Prior to the 2017 Tax Cuts and Jobs Act (Act), individual taxpayers were able to reduce their taxable income by deducting various investment-related expenses as miscellaneous itemized deductions. The Act suspended miscellaneous itemized deductions beginning in 2018 through January 1, 2026. As a result, investment advisory fees and other expenses incurred for the production or collection of income are no longer deductible by individual taxpayers. The new tax law is a particularly unwelcome development for high-net-worth clients with a family office, as the costs incurred by these operations are often substantial.
However, expenses incurred by a taxpayer engaged in a “trade or business” are not considered miscellaneous itemized deductions and therefore remain available to reduce taxable income.

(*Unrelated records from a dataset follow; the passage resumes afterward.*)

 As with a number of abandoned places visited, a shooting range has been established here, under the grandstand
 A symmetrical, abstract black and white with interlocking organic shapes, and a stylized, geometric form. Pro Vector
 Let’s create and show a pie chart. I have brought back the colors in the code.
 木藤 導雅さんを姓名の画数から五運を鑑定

With the continuing deductibility of trade or business expenses and the suspended deduction for investment expenses, characterizing the family office as a “trade or business” has become a valuable distinction. Unfortunately there is no clear definition of what constitutes a trade or business. Rather, whether a taxpayer is engaged in a trade or business or merely an investment activity is based on all the facts and circumstances, and there had been very little guidance in the family office context until the Tax Court issued its December 3, 2017 decision in Lender Management v. Commissioner (Lender).

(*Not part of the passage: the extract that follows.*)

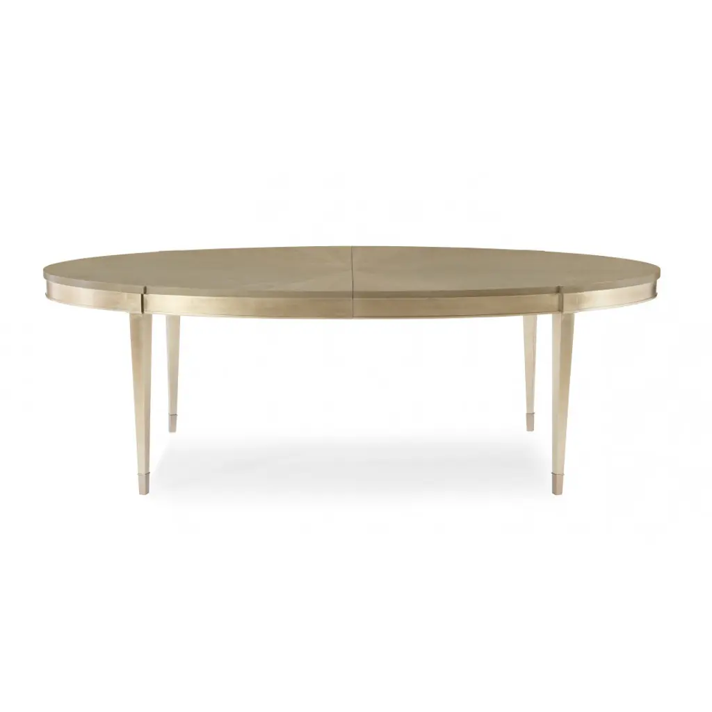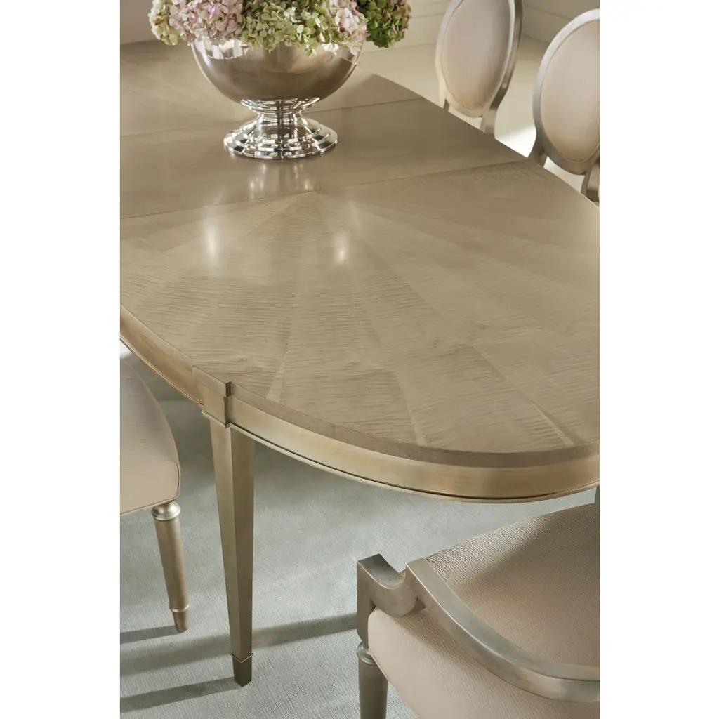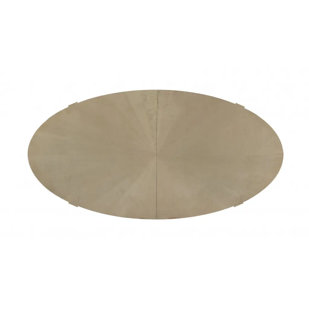 You’ll be inspired to gather friends and family more often with this lovely oval dining table. Its exquisite top features radial-matched Fumed Figured Tiger Maple veneers and is finished in Smoke with Taupe Silver Leaf accents. Ensuring room for everyone, the table extends to 138 inches with its two 24 inch leaves. Metal ferrules adorn its legs for a dramatic finishing touch.
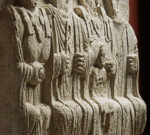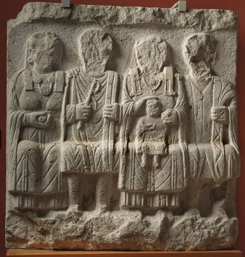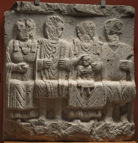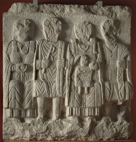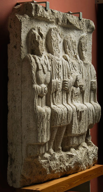 - Rückwand einer Aedicula mit sitzenden Ganzfiguren einer Familie {zwei Ehepaare und ein Kleinkind). Von links: einheimische Frau, Haube, Schleier, Umhang, Ober- und Untergewand, Fibeln, Brustschmuck mit drei Scheiben, Brosche, Halsband, Ohrgehänge, in der Rechten Apfel. Mann, kurze Ärmeltunica, Sagum, Hosen, in der Rechten Peitsche. Einheimische Frau: Haube, Schleier, Umhang, Ober- und Untergewand, Flügelfibeln, Torques mit Anhänger, runde Brosche, auf dem Schoß Kind (Knabe), kurze Tunica, Mantel. Mann: kurze Tunica, Paenula, Hosen, Schuhe.

Lender addresses the distinction between investment activities and trade or business activities in the context of a family office. The US Tax Court found that Lender Management LLC (Lender LLC), a family office providing management services to three separate investment entities owned by various members of the Lender family, was not an investor, but rather was actively engaged in a trade or business. The US Tax Court found that Lender LLC provided investment management services for the benefit of its clients, rather than for its own enrichment. This distinction is key in separating personal investment activity from a trade or business.

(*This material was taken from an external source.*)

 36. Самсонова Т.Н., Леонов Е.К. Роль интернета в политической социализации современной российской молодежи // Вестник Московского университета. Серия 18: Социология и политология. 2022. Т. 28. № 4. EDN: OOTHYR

In deciding that Lender LLC was engaged in a trade or business, the US Tax Court noted that Lender LLC received a carried interest as compensation for its services, beyond the return on its own investments. The Tax Court’s decision also focused on the fact that Lender LLC had multiple employees, both full- and part-time, that researched investment opportunities, negotiated and executed new investments, monitored existing positions, and worked with individual investment entity members providing one-on-one investment advisory and financial planning services to address such members’ specific needs. The US Tax Court found that the breadth of services Lender LLC provided to its clients was analogous to the services hedge fund managers provide to their clients, and that such services went far beyond those of a personal investor.
Considering the suspension of miscellaneous itemized deductions, Lender provides a road map for family offices to consider in establishing a new or restructuring an existing operation. Many family offices already engage in some of the activities favorably cited by the US Tax Court in Lender, and others may need to reevaluate their particular structure in light of this recent decision.